Regulations that work.

AuthorClaybrook, Joan
PositionTen rules that have made our lives better

REGULATIONS THAT WORK

When Jonas Salk discovered a vaccine for polio, the news was welcomed by The New York Times as "one of the greatest triumphs in the history of medicine.' The serum's widespread use lowered the incidence of polio from 21,000 cases in 1952 to fewer than 900 in 1962. Thanks to Salk, proclaimed the cover of Time magazine, "generations will grow up free.'

Salk's considerable achievement drew praise because it was the work of one easily identifiable hero against a disease that was widely known and feared. We are not so quick to support great potential strides in public health when they are made by the federal government and when they take on not bacterial but man-made killers. In 1984, for example, the Environmental Protection Agency proposed a new rule to reduce the amount of lead in regular gasoline. The rule, which went into effect in March 1985, will protect an estimated 50,000 children from brain damage due to airborne lead. But because those responsible for this regulation were anonymous bureaucrats, and because the hazard being fought was not an identifiable "disease,' there were no brass bands--only a quick blip on the evening news.
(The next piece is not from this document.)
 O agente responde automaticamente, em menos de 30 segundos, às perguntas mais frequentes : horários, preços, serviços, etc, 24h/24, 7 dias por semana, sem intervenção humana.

Regulators have not always been quick to respond to health and safety hazards, and when they have, the results often have been disappointing. In many cases, however, the federal government has made great strides toward removing or at least reducing dangers that affect us all. These success stories have gone unsung, particularly in the present conservative climate, where it has become fashionable to denounce all regulation as inherently meddlesome. With a president in office who has shown himself unabashedly hostile to regulation and a Congress entering the tightfisted era of Gramm-Rudman, it's worth considering instances where federal regulators, no less than Dr. Salk, have saved American lives. Herewith, we submit ten regulations that have made a difference.
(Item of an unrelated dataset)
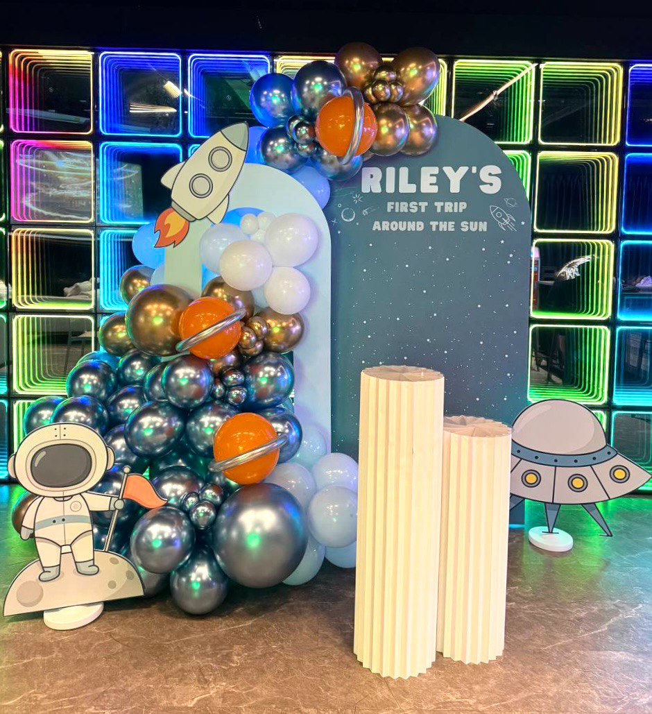 Space Themed Balloon Arch Backdrop - Kids Birthday Decoration

  1. Safe Drugs: Pre-Market Testing

    There's a reason why you cannot buy "Hamlin's Wizard Oil' or "Warner's Safe Cure for Diabetes' at your corner drug store. Nearly 50 years ago, the Food and Drug Administration determined that these once-popular "medicines' were worthless and banned their sale. Ever since, consumers have been spared costly frauds and, more importantly, serious illness, drug addiction, blindness, and death caused by quack medicines.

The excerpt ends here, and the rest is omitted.